The material below holds the lines to copy: from the one with "ADAM ET ROPÉ" up to and including the one with "Blank empty wooden". Copy them exactly and skip the pictures.

START Supplied entries

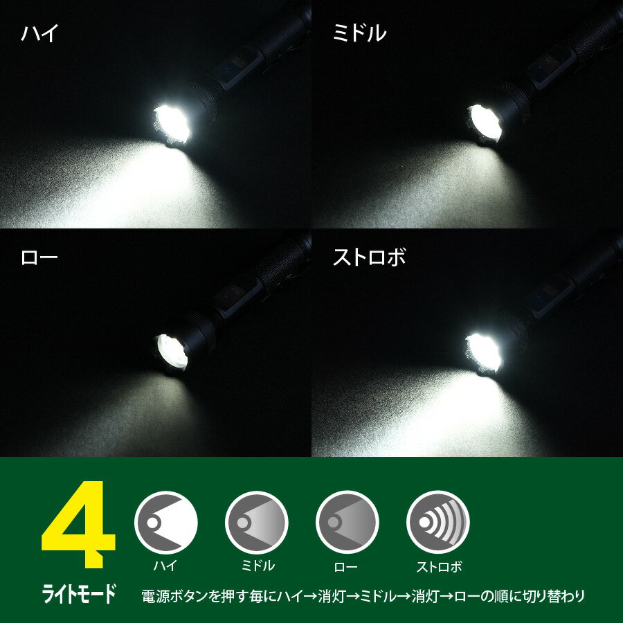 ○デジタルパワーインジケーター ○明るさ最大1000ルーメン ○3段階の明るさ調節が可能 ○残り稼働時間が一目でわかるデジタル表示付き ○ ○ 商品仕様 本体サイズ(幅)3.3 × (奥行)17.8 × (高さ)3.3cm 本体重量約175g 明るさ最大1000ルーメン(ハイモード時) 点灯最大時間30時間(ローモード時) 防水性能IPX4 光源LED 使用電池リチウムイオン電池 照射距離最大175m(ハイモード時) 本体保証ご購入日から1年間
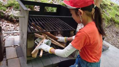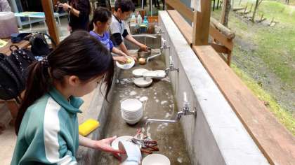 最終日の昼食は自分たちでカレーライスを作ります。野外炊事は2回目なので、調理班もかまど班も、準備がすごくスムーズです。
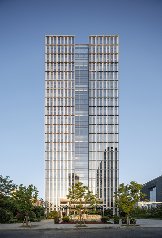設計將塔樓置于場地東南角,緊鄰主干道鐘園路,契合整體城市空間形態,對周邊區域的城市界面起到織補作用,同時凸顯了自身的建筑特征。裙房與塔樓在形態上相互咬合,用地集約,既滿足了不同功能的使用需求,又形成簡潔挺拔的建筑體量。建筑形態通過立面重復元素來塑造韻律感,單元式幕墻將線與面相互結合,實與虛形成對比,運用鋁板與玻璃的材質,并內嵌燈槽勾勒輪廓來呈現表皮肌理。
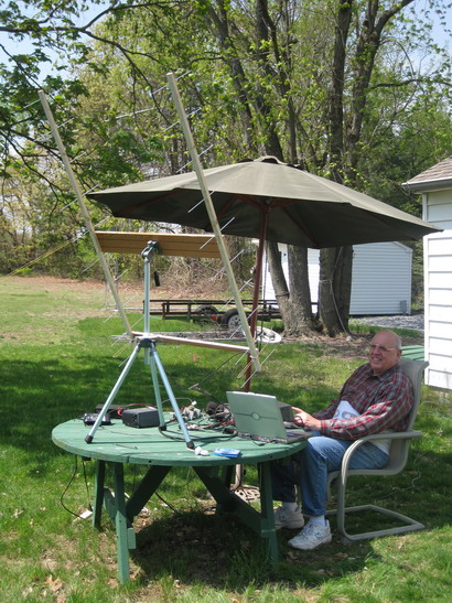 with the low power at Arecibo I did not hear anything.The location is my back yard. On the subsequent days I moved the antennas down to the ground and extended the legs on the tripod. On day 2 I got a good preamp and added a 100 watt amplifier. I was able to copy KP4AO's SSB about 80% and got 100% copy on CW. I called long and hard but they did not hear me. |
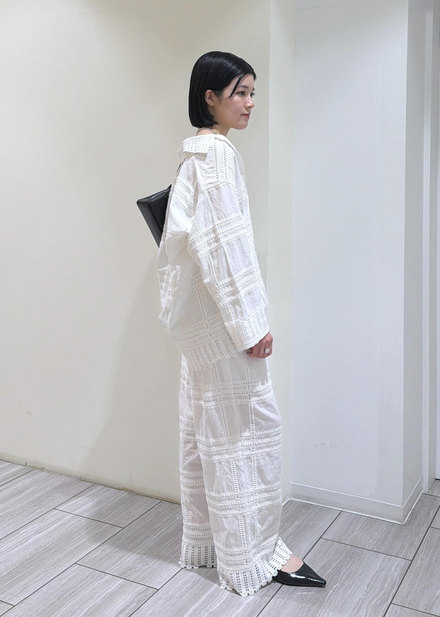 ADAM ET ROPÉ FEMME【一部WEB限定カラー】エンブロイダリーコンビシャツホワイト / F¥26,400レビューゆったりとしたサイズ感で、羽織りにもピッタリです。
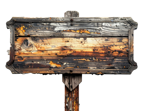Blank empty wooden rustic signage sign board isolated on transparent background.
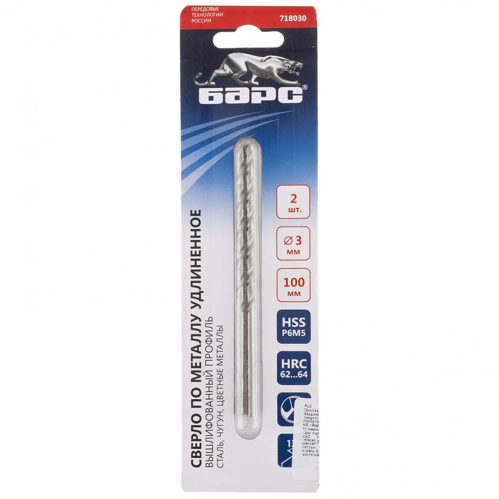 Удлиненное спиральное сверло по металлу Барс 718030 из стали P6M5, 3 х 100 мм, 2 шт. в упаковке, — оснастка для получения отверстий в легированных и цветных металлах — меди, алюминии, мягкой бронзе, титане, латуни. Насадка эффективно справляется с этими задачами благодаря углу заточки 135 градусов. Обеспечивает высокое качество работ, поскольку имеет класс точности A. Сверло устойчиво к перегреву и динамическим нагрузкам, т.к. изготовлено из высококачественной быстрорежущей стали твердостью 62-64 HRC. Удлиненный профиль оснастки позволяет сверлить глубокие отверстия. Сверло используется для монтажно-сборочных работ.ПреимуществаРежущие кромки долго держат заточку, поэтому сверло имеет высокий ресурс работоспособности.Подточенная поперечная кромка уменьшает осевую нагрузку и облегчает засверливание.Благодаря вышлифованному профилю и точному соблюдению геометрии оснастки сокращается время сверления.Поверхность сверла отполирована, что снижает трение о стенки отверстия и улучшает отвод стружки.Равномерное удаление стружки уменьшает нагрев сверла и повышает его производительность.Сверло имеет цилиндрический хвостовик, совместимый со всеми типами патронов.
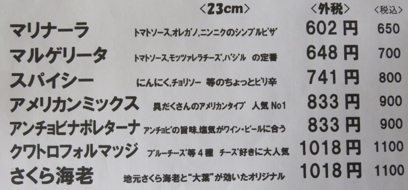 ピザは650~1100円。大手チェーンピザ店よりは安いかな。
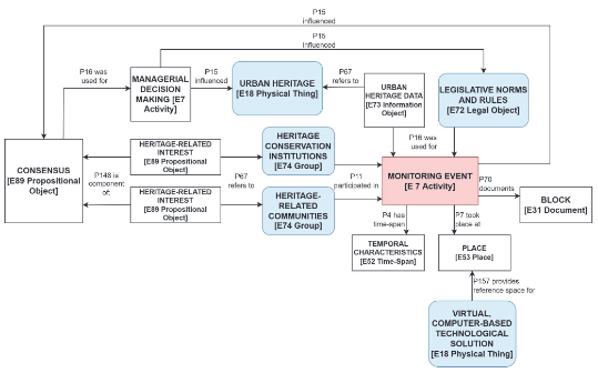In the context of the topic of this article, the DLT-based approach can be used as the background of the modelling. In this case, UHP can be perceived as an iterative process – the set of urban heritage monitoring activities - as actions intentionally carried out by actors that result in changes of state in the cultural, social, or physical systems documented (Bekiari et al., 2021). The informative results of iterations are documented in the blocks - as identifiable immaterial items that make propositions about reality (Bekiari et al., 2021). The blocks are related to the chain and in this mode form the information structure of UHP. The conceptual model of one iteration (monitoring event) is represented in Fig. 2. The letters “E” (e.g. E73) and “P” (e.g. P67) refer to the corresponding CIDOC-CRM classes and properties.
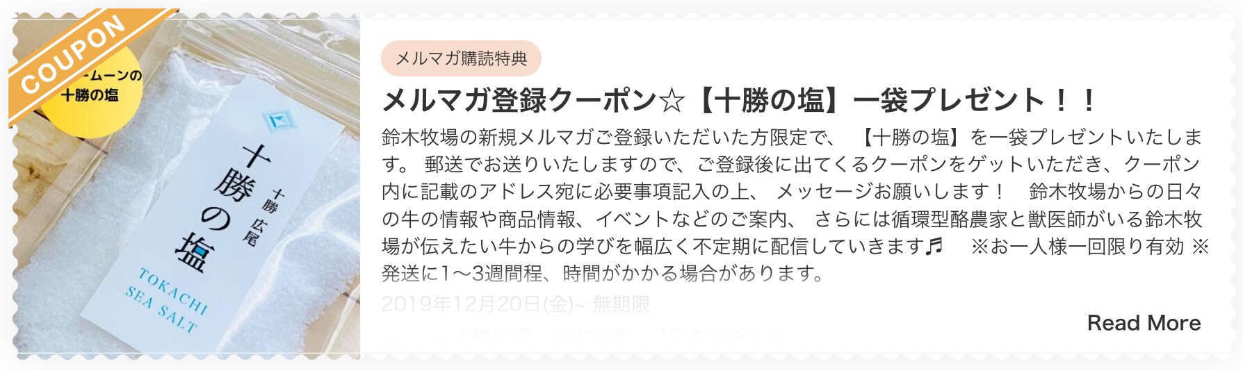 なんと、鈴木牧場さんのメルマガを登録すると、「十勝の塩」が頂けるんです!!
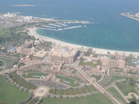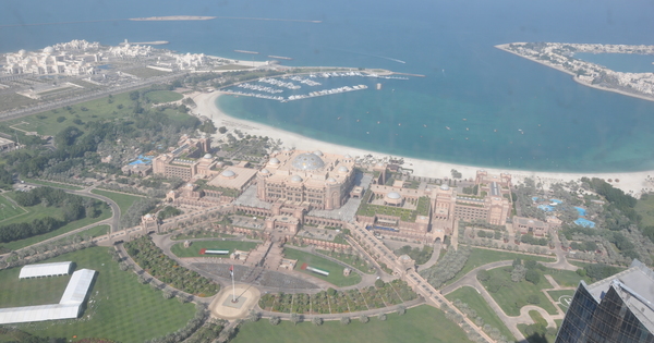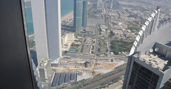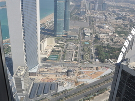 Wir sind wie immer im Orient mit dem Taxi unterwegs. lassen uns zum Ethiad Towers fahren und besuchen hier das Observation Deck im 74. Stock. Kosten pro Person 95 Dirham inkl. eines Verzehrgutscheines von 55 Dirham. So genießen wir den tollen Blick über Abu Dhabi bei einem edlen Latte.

END Supplied entries
START Supplied entries

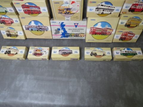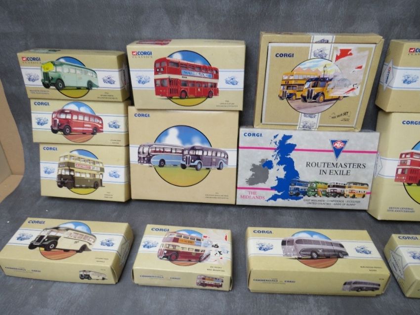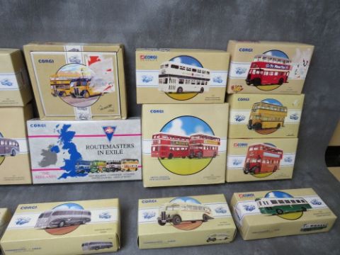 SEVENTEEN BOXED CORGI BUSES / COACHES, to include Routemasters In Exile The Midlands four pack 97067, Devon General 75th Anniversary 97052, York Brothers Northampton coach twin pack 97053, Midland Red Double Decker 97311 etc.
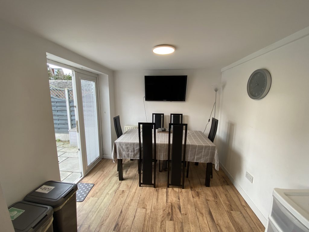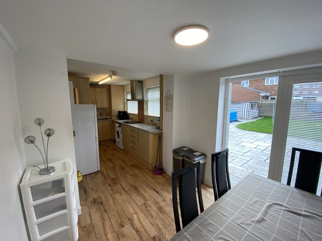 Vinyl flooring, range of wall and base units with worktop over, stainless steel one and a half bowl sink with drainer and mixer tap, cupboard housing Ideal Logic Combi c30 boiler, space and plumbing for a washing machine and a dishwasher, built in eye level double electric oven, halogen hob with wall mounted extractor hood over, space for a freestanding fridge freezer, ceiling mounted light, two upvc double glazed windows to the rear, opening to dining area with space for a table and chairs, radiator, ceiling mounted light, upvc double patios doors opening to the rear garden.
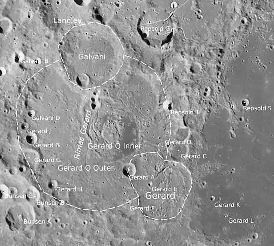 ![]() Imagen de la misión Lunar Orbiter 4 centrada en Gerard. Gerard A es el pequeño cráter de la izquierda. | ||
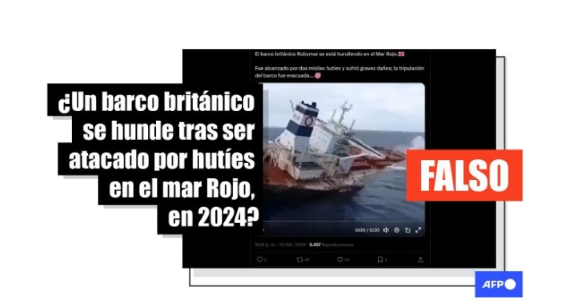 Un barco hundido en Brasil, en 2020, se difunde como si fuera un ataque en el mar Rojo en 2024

END Supplied entries

- [Expected output]
 ADAM ET ROPÉ FEMME【一部WEB限定カラー】エンブロイダリーコンビシャツホワイト / F¥26,400レビューゆったりとしたサイズ感で、羽織りにもピッタリです。
Blank empty wooden rustic signage sign board isolated on transparent background.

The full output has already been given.